Task goal –
Restate the entries below in full, exactly as they read, but without pictures.

*** Opening Extracted material ***

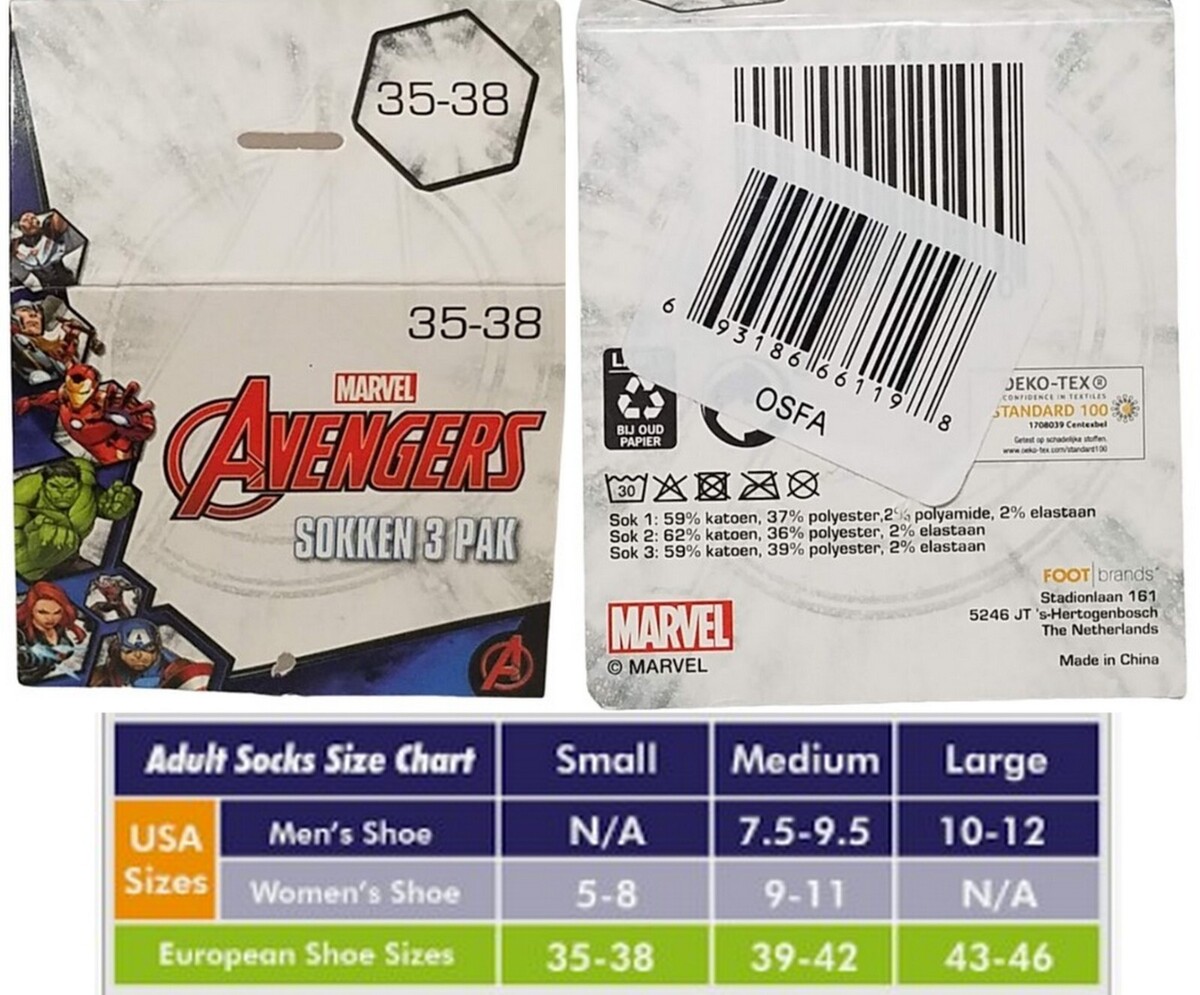 Made of polyester and elastane, these socks are durable and comfortable to wear, and come in a solid pattern with multi-color graphics featuring the iconic superheroes.
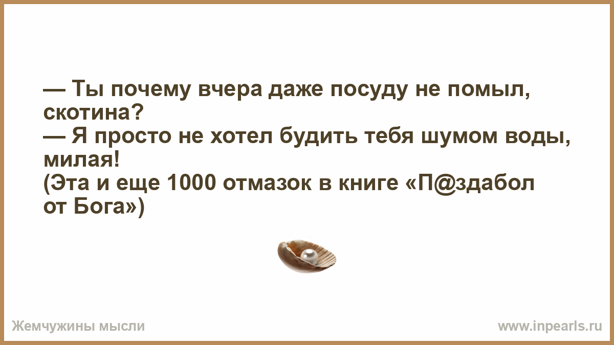 — Ты почему вчера даже посуду не помыл, скотина? — Я просто не хотел будить тебя шумом воды, милая! (Эта и еще 1000 отмазок в книге «П@здабол от Бога»)
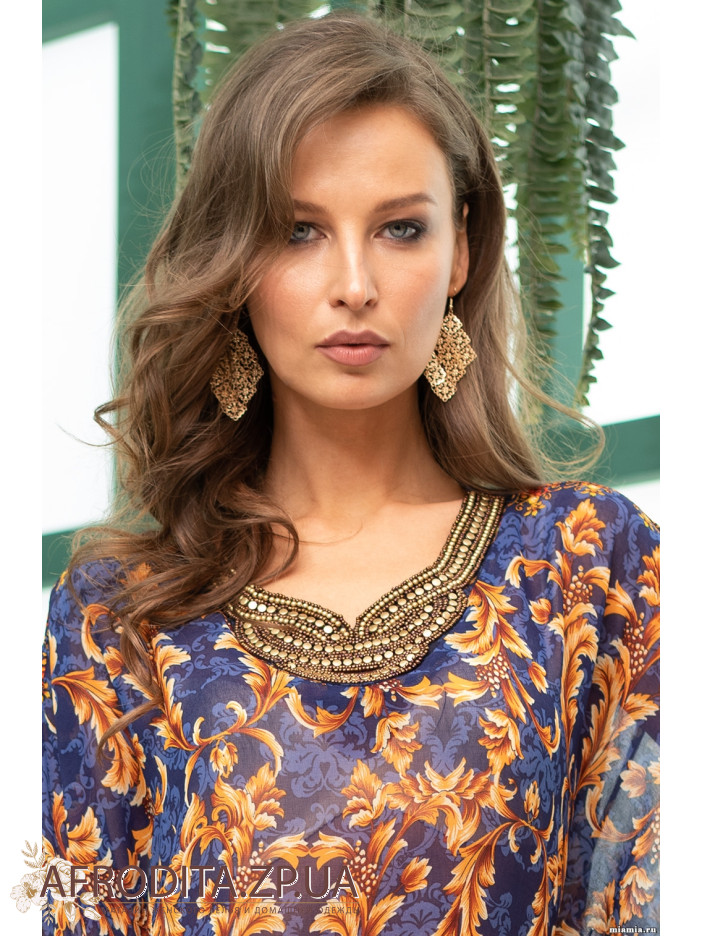 Пляжна довга туніка "Карлотта" 8541 від Mia-Amore вільного крою. Виріб виготовлено з повітряного шифону з оригінальною забарвленням. Лінія талії регулюється за допомогою пояса. Колекція весна-літо 2019. Склад: 100% поліестер.
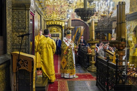Святитель Петр Духом Святым прозрел будущее и града Москвы, и всего Отечества нашего. Конечно, перенос церковной столицы означал, что Москва перестает быть заурядным городом и становится столицей Святой Руси. Я уже об этом говорил, но, по всей вероятности, еще не пришло время, чтобы важность сего дня осознали и местные власти, и общественность, и представители культуры. Потому что именно этот день должен быть Днем города Москвы. Москва стала столицей именно потому, что святитель Петр сюда, на Боровицкий холм, перенес свою кафедру, а затем был построен этот величественный кафедральный собор и Москва на долгие столетия — верим, что навсегда, — стала столицей Русского государства.
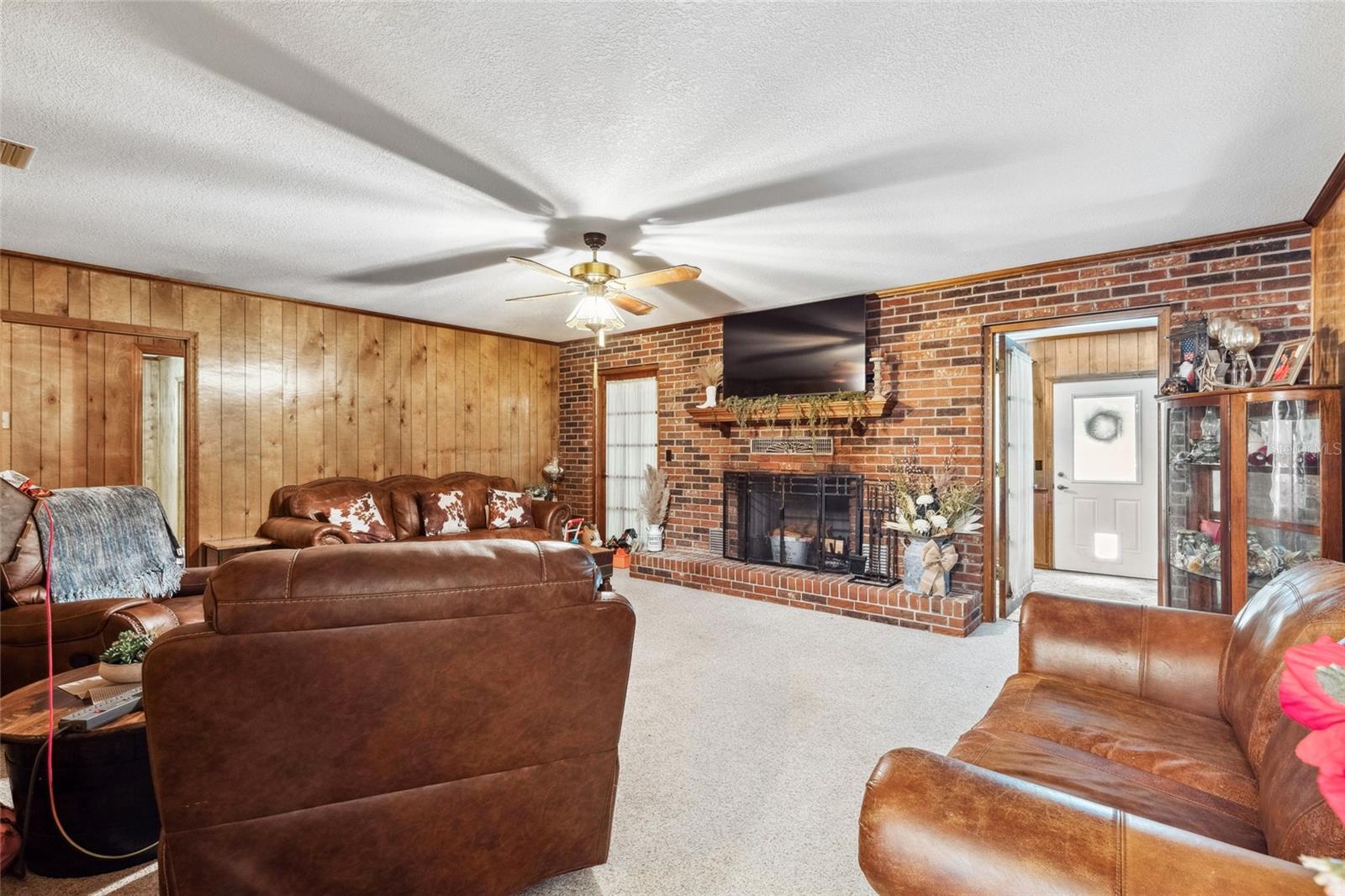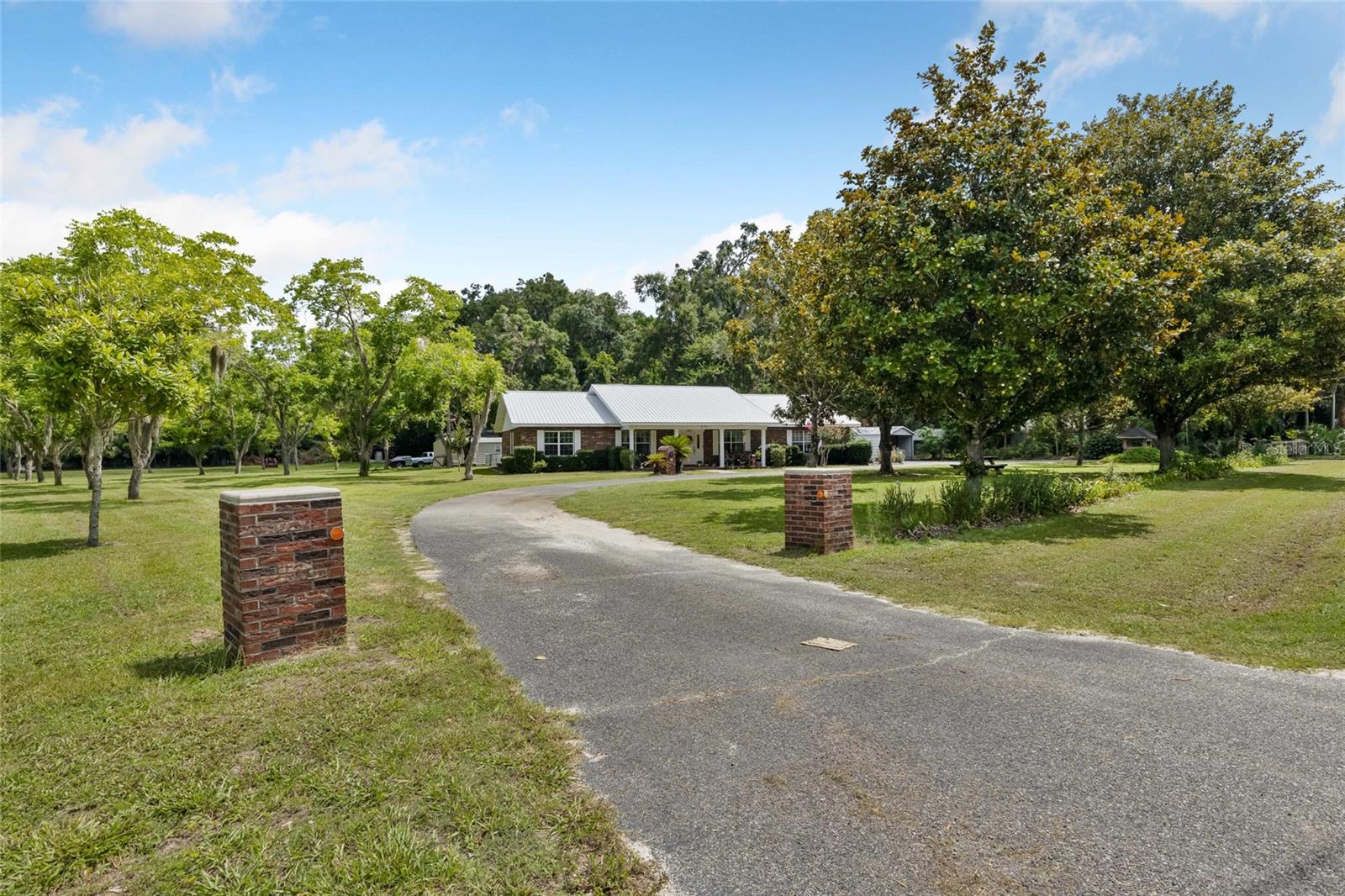 STATELY CRAFTSMAN HOME with Attached Garage on Paved Road with semi-circular drive that welcomes you to the front porch where there is plenty of sittin' room. This property exudes Southern Charm with its beautiful magnolias in the front yard of this well constructed brick home with a maintained metal roof and insulated windows. Upon entering the foyer, you can go right, into the formal dining room or left into the formal living room. From the dining room, you enter the large kitchen with a removable island that you can choose to leave or move. Plenty of cabinets are here for your storage needs, as well as a bar that seats accommodates 3 bar stools. The newer stainless appliances are only a few years old. At the end of the kitchen is a step down, breakfast nook with a bay window bringing in natural light and giving a full view into the fenced backyard where there is a new, above ground pool, that can stay or be taken down-buyer's choice! This split plan home boasts 2160 sf of living area and has 3 bedrooms and a full bathroom on the opposite end of the house from the Primary bedroom/bathroom. In addition to the living room, there is a great room with a brick fireplace as its focal point. Warm, wood paneling and wood details helps this home feel warm and welcoming. You can sit on the hearth in the winters and enjoy the warmth of the wood fire. And if this house doesn't already have enough options....there is also a multi-purpose room at the back of the house that could be used for crafts, a workout room, sun porch, playroom - it's a bonus! Not only is there an attached garage, there is also a 30x50 metal workshop with concrete with 12x10 roll up doors. It is like new as it has only been constructed within the last 6 months! With 2 ACRES and no deed restrictions, you can have a chicken coup, or other utility sheds. There is a lovely grove of 20 bearing pecan trees on one side of the property. The well pump was replaced with a new one June 2024. Conveniently located near the Old Town Elementary School and grocery, hardware store and gas station. Don't miss the opportunity to view this well-built home.
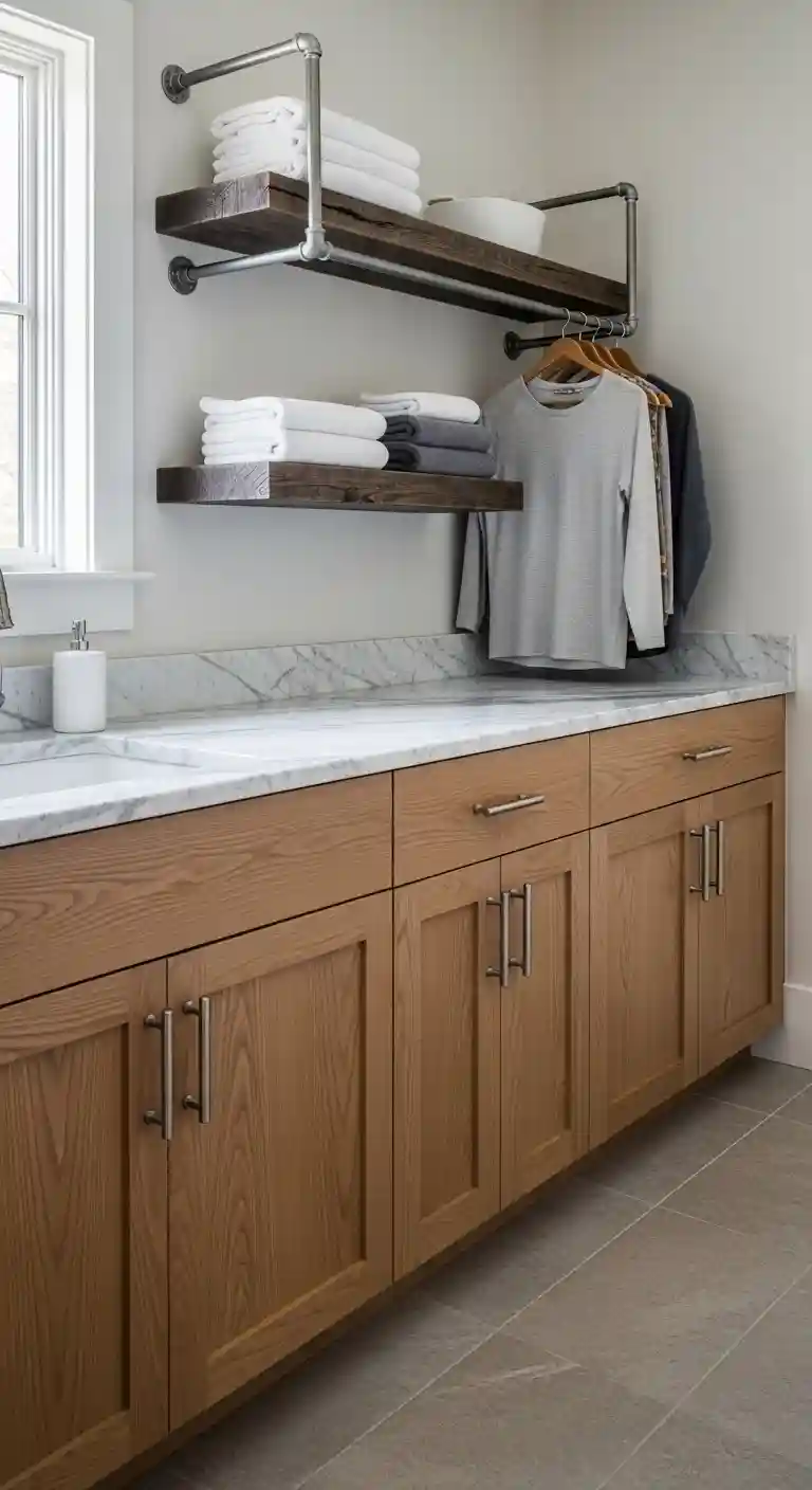 Floating shelves bring functionality and style to narrow laundry rooms.
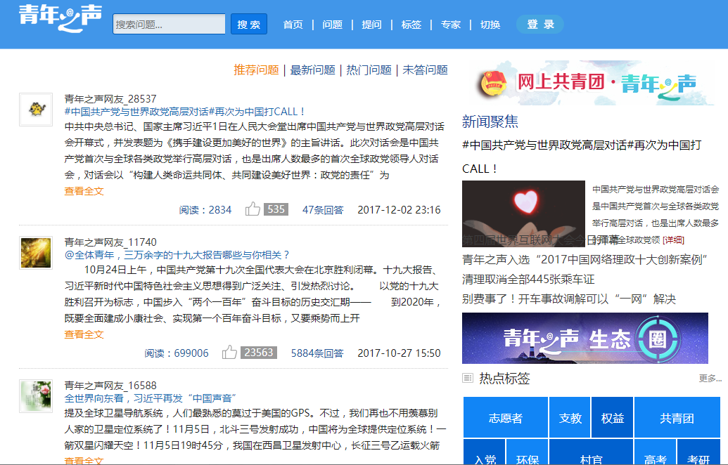 加强网上共青团建设,利用青年之声等平台开展团建工作,注册学生12000余人,回答解决青年问题807条。(特约通讯员:张聪)
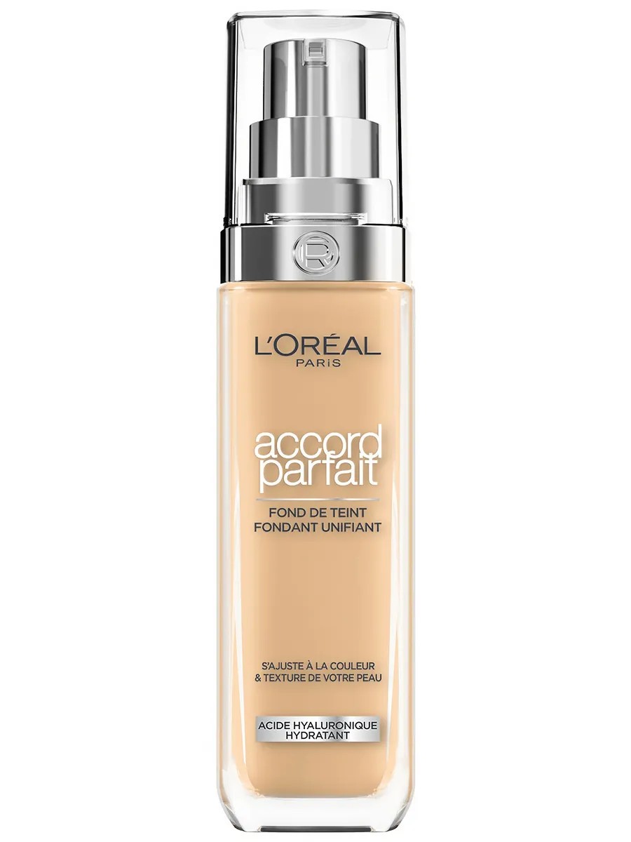 L'Oreal Paris Accord Parfait Foundation, 4D/4W, 30 ml. Accord Parfait liquid foundation from L'Oreal Paris evens out skin tone and adapts to skin color and texture. Visibly transforms skin in 2 weeks of use: skin is smoother and more radiant. Ultra-fine pigments adapt to skin tone and undertone. The formula is 80% moisturizing cream with hyaluronic acid. 24 hours of hydration for your skin. Natural finish, radiant skin. SPF 16. How to choose a shade: the number indicates the intensity of the tone: from the lightest 0.5 to the darkest 4. The letter indicates the undertone: N - for a neutral undertone, R/C - for a cool pink undertone, D/W for a warm golden undertone. SPF 16 Directions: Apply the cream with your fingertips using light strokes over the entire face. For a more lasting result, we recommend setting the foundation with Accord Parfait powder. For targeted correction of imperfections, use with ALLIANCE PERFECT THE ONE or TRUE MATCH concealer. Ingredients: AQUA/WATER, DIMETHICONE, ISODODECANE, CYCLOHEXASILOXANE, GLYCERIN, PEG-10 DIMETHICONE, METHYL METHACRYLATE CROSSPOLYMER, BUTYLENE GLYCOL, PENTYLENE GLYCOL, SYNTHETIC FLUORPHLOGOPITE, DISTEARDIMONIUM HECTORITE, HYDROXYETHYLPIPERAZINE ETHANE SULFONIC ACID, CETYL PEG/PPG-10/1 DIMETHICONE, SODIUM CHLORIDE, POLYGLYCERYL-4 ISOSTEARATE, HEXYL LAURATE, CAPRYLYL GLYCOL, PHENOXYETHANOL, DISODIUM STEAROYL GLUTAMATE, TOCOPHEROL, PANTHENOL, ALUMINUM HYDROXIDE, HYDROXYETHYL UREA, HYDRATED SILICA, METHICONE, [+/- MAY CONTAIN: CI 77891/TITANIUM DIOXIDE, CI 77491, CI 77492, CI 77499/IRON OXIDES, MICA, CI 15985/YELLOW 6 LAKE, CI 42090/BLUE 1 LAKE, CI 77510/FERRIC AMMONIUM FERROCYANIDE, CI 45410/RED 28 LAKE, CI 15850/RED 7].

*** Closing Extracted material ***

Output –
 Made of polyester and elastane, these socks are durable and comfortable to wear, and come in a solid pattern with multi-color graphics featuring the iconic superheroes.
 — Ты почему вчера даже посуду не помыл, скотина? — Я просто не хотел будить тебя шумом воды, милая! (Эта и еще 1000 отмазок в книге «П@здабол от Бога»)
 Пляжна довга туніка "Карлотта" 8541 від Mia-Amore вільного крою. Виріб виготовлено з повітряного шифону з оригінальною забарвленням. Лінія талії регулюється за допомогою пояса. Колекція весна-літо 2019. Склад: 100% поліестер.
Святитель Петр Духом Святым прозрел будущее и града Москвы, и всего Отечества нашего. Конечно, перенос церковной столицы означал, что Москва перестает быть заурядным городом и становится столицей Святой Руси. Я уже об этом говорил, но, по всей вероятности, еще не пришло время, чтобы важность сего дня осознали и местные власти, и общественность, и представители культуры. Потому что именно этот день должен быть Днем города Москвы. Москва стала столицей именно потому, что святитель Петр сюда, на Боровицкий холм, перенес свою кафедру, а затем был построен этот величественный кафедральный собор и Москва на долгие столетия — верим, что навсегда, — стала столицей Русского государства.
 STATELY CRAFTSMAN HOME with Attached Garage on Paved Road with semi-circular drive that welcomes you to the front porch where there is plenty of sittin' room. This property exudes Southern Charm with its beautiful magnolias in the front yard of this well constructed brick home with a maintained metal roof and insulated windows. Upon entering the foyer, you can go right, into the formal dining room or left into the formal living room. From the dining room, you enter the large kitchen with a removable island that you can choose to leave or move. Plenty of cabinets are here for your storage needs, as well as a bar that seats accommodates 3 bar stools. The newer stainless appliances are only a few years old. At the end of the kitchen is a step down, breakfast nook with a bay window bringing in natural light and giving a full view into the fenced backyard where there is a new, above ground pool, that can stay or be taken down-buyer's choice! This split plan home boasts 2160 sf of living area and has 3 bedrooms and a full bathroom on the opposite end of the house from the Primary bedroom/bathroom. In addition to the living room, there is a great room with a brick fireplace as its focal point. Warm, wood paneling and wood details helps this home feel warm and welcoming. You can sit on the hearth in the winters and enjoy the warmth of the wood fire. And if this house doesn't already have enough options....there is also a multi-purpose room at the back of the house that could be used for crafts, a workout room, sun porch, playroom - it's a bonus! Not only is there an attached garage, there is also a 30x50 metal workshop with concrete with 12x10 roll up doors. It is like new as it has only been constructed within the last 6 months! With 2 ACRES and no deed restrictions, you can have a chicken coup, or other utility sheds. There is a lovely grove of 20 bearing pecan trees on one side of the property. The well pump was replaced with a new one June 2024. Conveniently located near the Old Town Elementary School and grocery, hardware store and gas station. Don't miss the opportunity to view this well-built home.
 Floating shelves bring functionality and style to narrow laundry rooms.
 加强网上共青团建设,利用青年之声等平台开展团建工作,注册学生12000余人,回答解决青年问题807条。(特约通讯员:张聪)
 L'Oreal Paris Accord Parfait Foundation, 4D/4W, 30 ml. Accord Parfait liquid foundation from L'Oreal Paris evens out skin tone and adapts to skin color and texture. Visibly transforms skin in 2 weeks of use: skin is smoother and more radiant. Ultra-fine pigments adapt to skin tone and undertone. The formula is 80% moisturizing cream with hyaluronic acid. 24 hours of hydration for your skin. Natural finish, radiant skin. SPF 16. How to choose a shade: the number indicates the intensity of the tone: from the lightest 0.5 to the darkest 4. The letter indicates the undertone: N - for a neutral undertone, R/C - for a cool pink undertone, D/W for a warm golden undertone. SPF 16 Directions: Apply the cream with your fingertips using light strokes over the entire face. For a more lasting result, we recommend setting the foundation with Accord Parfait powder. For targeted correction of imperfections, use with ALLIANCE PERFECT THE ONE or TRUE MATCH concealer. Ingredients: AQUA/WATER, DIMETHICONE, ISODODECANE, CYCLOHEXASILOXANE, GLYCERIN, PEG-10 DIMETHICONE, METHYL METHACRYLATE CROSSPOLYMER, BUTYLENE GLYCOL, PENTYLENE GLYCOL, SYNTHETIC FLUORPHLOGOPITE, DISTEARDIMONIUM HECTORITE, HYDROXYETHYLPIPERAZINE ETHANE SULFONIC ACID, CETYL PEG/PPG-10/1 DIMETHICONE, SODIUM CHLORIDE, POLYGLYCERYL-4 ISOSTEARATE, HEXYL LAURATE, CAPRYLYL GLYCOL, PHENOXYETHANOL, DISODIUM STEAROYL GLUTAMATE, TOCOPHEROL, PANTHENOL, ALUMINUM HYDROXIDE, HYDROXYETHYL UREA, HYDRATED SILICA, METHICONE, [+/- MAY CONTAIN: CI 77891/TITANIUM DIOXIDE, CI 77491, CI 77492, CI 77499/IRON OXIDES, MICA, CI 15985/YELLOW 6 LAKE, CI 42090/BLUE 1 LAKE, CI 77510/FERRIC AMMONIUM FERROCYANIDE, CI 45410/RED 28 LAKE, CI 15850/RED 7].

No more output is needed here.